Six pairs of horse cartwheels, 10 port barrels and a vat built for a vintage spray cart turned to cinders in the dawn blaze. Paint thinners, a gas tank and stockpiles of wood helped fuel the inferno, which singed surrounding trees and threatened other buildings on Mr Smithwick's property.
Volunteers in eight CFA trucks controlled the blaze from spreading to other buildings. But they were unable to save the giant shed Mr Smithwick built by hand so he could he carry on the craft he inherited from his great- great-great-grandfather.
With black ash and soot still blackening his face, he surveyed the damage yesterday and declared the end of an era in Victoria: "It's all gone, that's it.
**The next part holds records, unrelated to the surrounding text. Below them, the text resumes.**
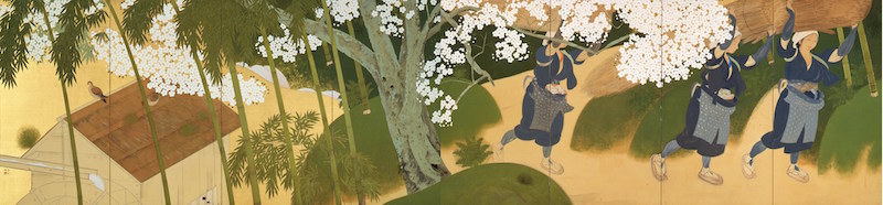 ![]() Tsuchida Bakusen, Oharame, Women Peddlers, Color on Gold-Leafed Silk Gauze, 1915, Yamatane Museum of Art |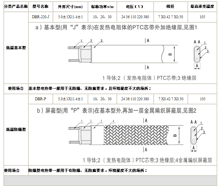 2.工業(yè)性電伴熱帶帶寬12mm-13.5mm ,具體參照上述結(jié)構(gòu)對(duì)照表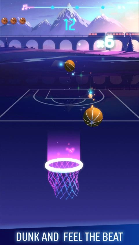 这是一款将体育运动与音乐节奏完美融合的游戏。在游戏里,玩家能充分领略音乐的魅力,确切地说,是电音的独特魔力。随着音乐的节拍律动,同时完成投篮动作,体验非常棒。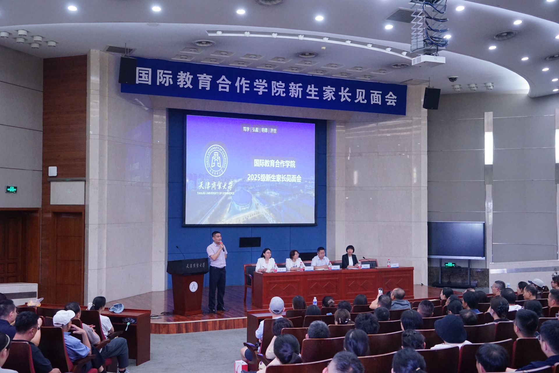 9月7日下午,国际教育合作学院在图书馆国际报告厅举办了2025级新生家长见面会。国际教育合作学院党委书记郭卫中,党委副书记、院长曹晓丽,党委副书记、纪委书记王舒婷,副院长陶伟、副院长刘辉群,以及班主任和教师代表出席。近300名新生家长参加本次活动。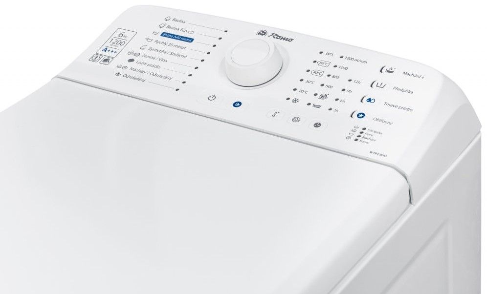 Šířka spotřebiče je 40 cm. Dosahuje maximální otáčky odstřeďování 1200 ot./min. Je ideální volbou pro menší rodiny s kapacitou bubnu pro praní 6 kg prádla.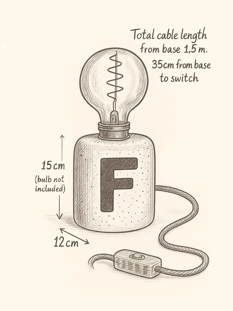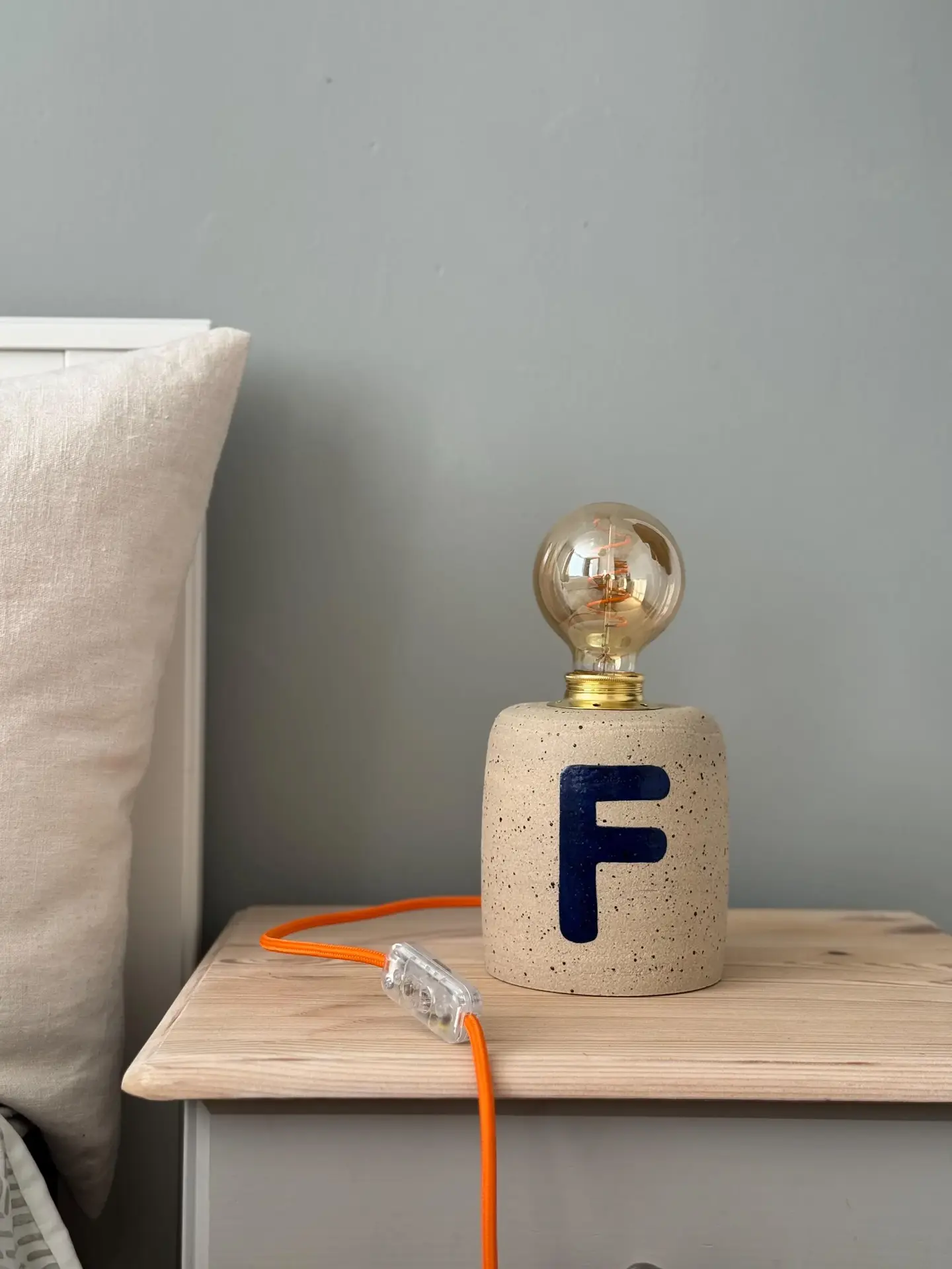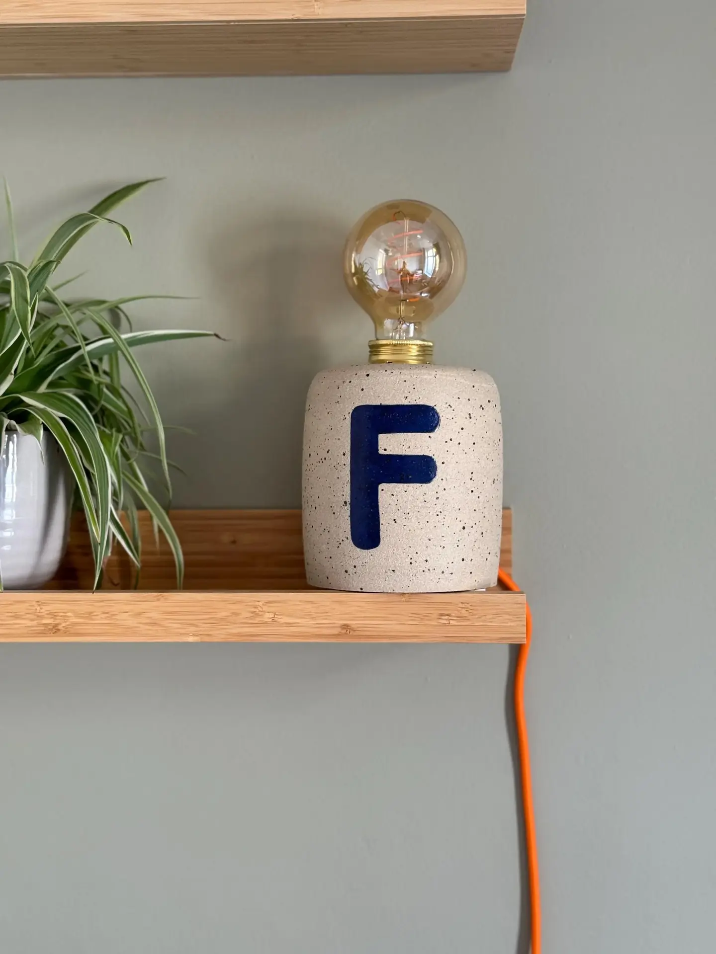 This listing is for a handmade ceramic speckled stoneware table lamp with a coloured cable, which can be personalised with a letter of your choice and added onto the lamp in glaze.

Coopers are no more for Victoria." Coopers are barrel-makers who were responsible for transporting the food and fluid aboard the First Fleet.
A welcome and well-known attraction at the Royal Melbourne Show, Mr Smithwick was training young grandson Will to take over the reins. "A neighbour was banging on the door about 4am to say the shed was on fire and I remember telling the wife the day before that it was going to be Friday the 13th," Mr Smithwick said.
Yesterday was Mr Smithwick's second catastrophic brush with fire. Four years ago he was lucky to escape with his life when his bushy beard ignited in the same shed."I'd been cleaning a machine with petrol to get rid of the carbon on it and the heat already in it ignited my beard. "When I raised my arms to put it out, they caught fire and then it was just, whoosh."
Mr Smithwick suffered third-degree burns to 30 per cent of his body and was off work for a year. "(Burn scars) restrict my hand movement a bit and make it harder to work, but I was getting there," he said. "But I look at this (destruction) today and think, 'Well, maybe it's now become a little bit too hard'."
An eternal optimist, Mr Smithwick later said he planned on drinking with friends last night and would reconsider his future today. "There are only three coopers left in Victoria and it is too important to the history of this state to just walk away without giving it another go."